I don’t know if you’ve noticed, but lately I’ve been writing up a storm. There’s a reason: I’m moving and will have only limited access to a computer next week. Besides, I’ve made you wait long enough for more of the Nineties Countdown, right?


I should come right and say it: I was a Score Man in the early Nineties. After what I thought were ugly 1988 and 1989 sets, there was little the flagship could do wrong over the next five years (divided into two distinct parts: the free wheeling, massive mass-consumption trilogy from 1990 to 1992, and the more refined, scaled-back and grown-up sets from 1993 and 1994). That’s quite remarkable, especially for an era when the best description for the majority of sets was ‘treacherous.’

Score put the behemoths to bed in style: a futuristic base card design complemented by a handful of subsets (including the benchmark ‘Dream Team’), plus decent inserts, special factory set cards and a checklist of roughly six billion (alright, that’s a stretch, but I’m not off by much). And the best part of it all? It was easy to collect. Packs were cheap and if by 1992 putting together a set through packs wasn’t really your thing (and who can blame you, what with all the high-dollar inserts making pack buying more of a lavish exercise rather than a necessity), you could saunter down to your local drugstore and buy the whole factory set.

And the trick of it was that Score knew their sets were gigantic and that collectors would want a factory set option. Hell, they even encouraged such thinking amongst the rank and file (I bought the factory set from 1990 to 1992). Why else would they have included all those attractive factory set inserts (Cooperstown, DiMaggio, Yaz, World Series)? It was as if they were saying that the only thing you’d get from buying packs (besides possibly completing the set) was pack fatigue.

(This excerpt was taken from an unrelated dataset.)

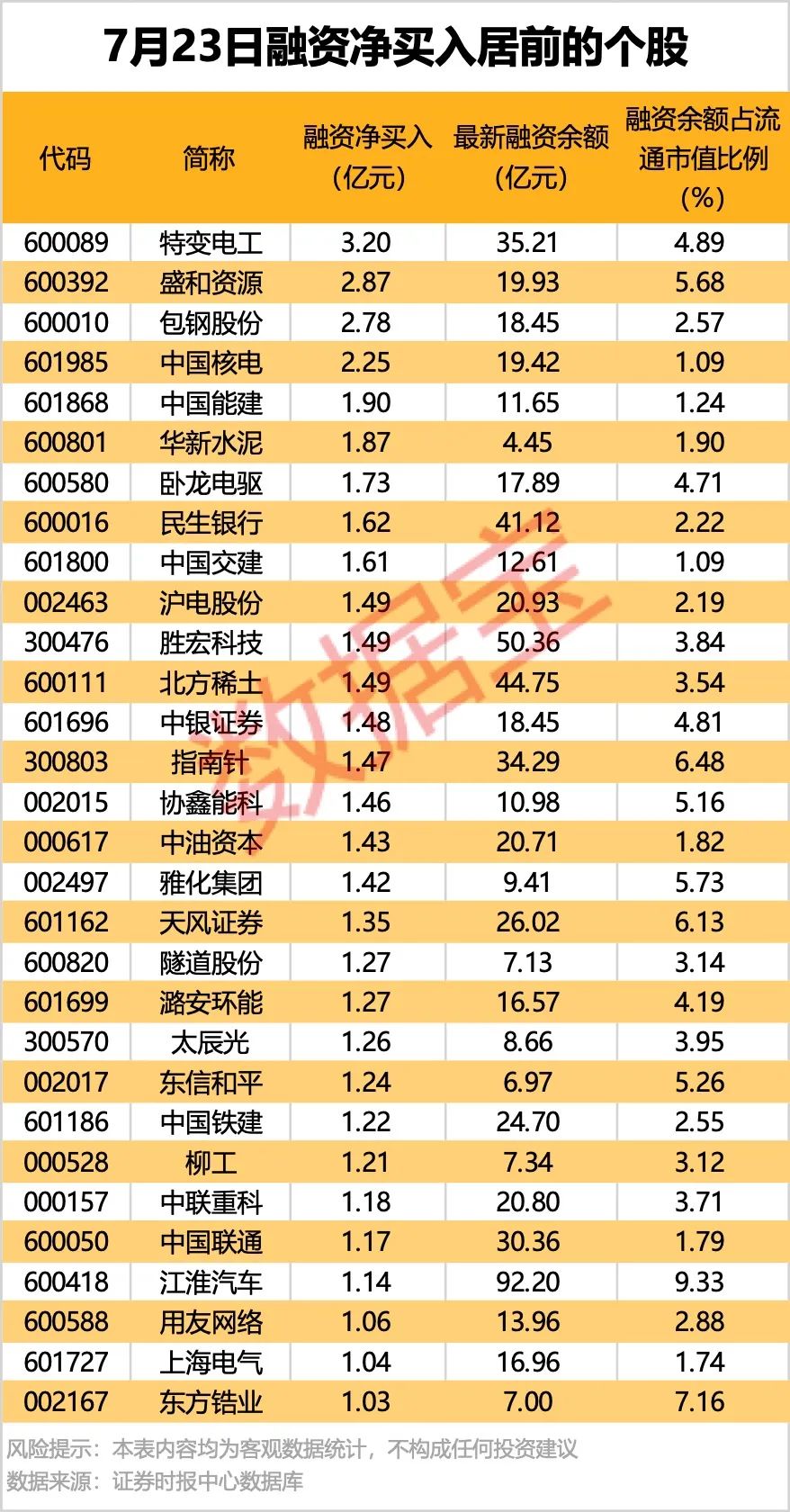 据证券时报·数据宝统计,具体到个股,7月23日共有1841股获融资净买入,净买入金额在千万元以上的有509股,其中30股融资净买入额均超1亿元。

But the thing about buying the factory set that sort of ruined the experience was that you couldn't enjoy each card. A lot of kids I knew didn't even take the cards out of the box once they got it home. Not me. I dumped the set out and fully incorporated it with the rest of my collection. Today I still I have the empty factory set box, but damned if I know where its contents are.

And this was a set that was meant to be thumbed through, you know? Out of 893 base cards, there were 60 denoted subset cards (including the crazy, Cool World-esque mind-bending cartoons-in-the-real-world All Stars) and at least 141 rookies and top prospect cards. That's a quarter of the set right there. That most of them didn't pan out (or their 1992 Score incarnation wasn't their real rookie) hardly mattered in the end. Overall, a glorious, gluttonous set.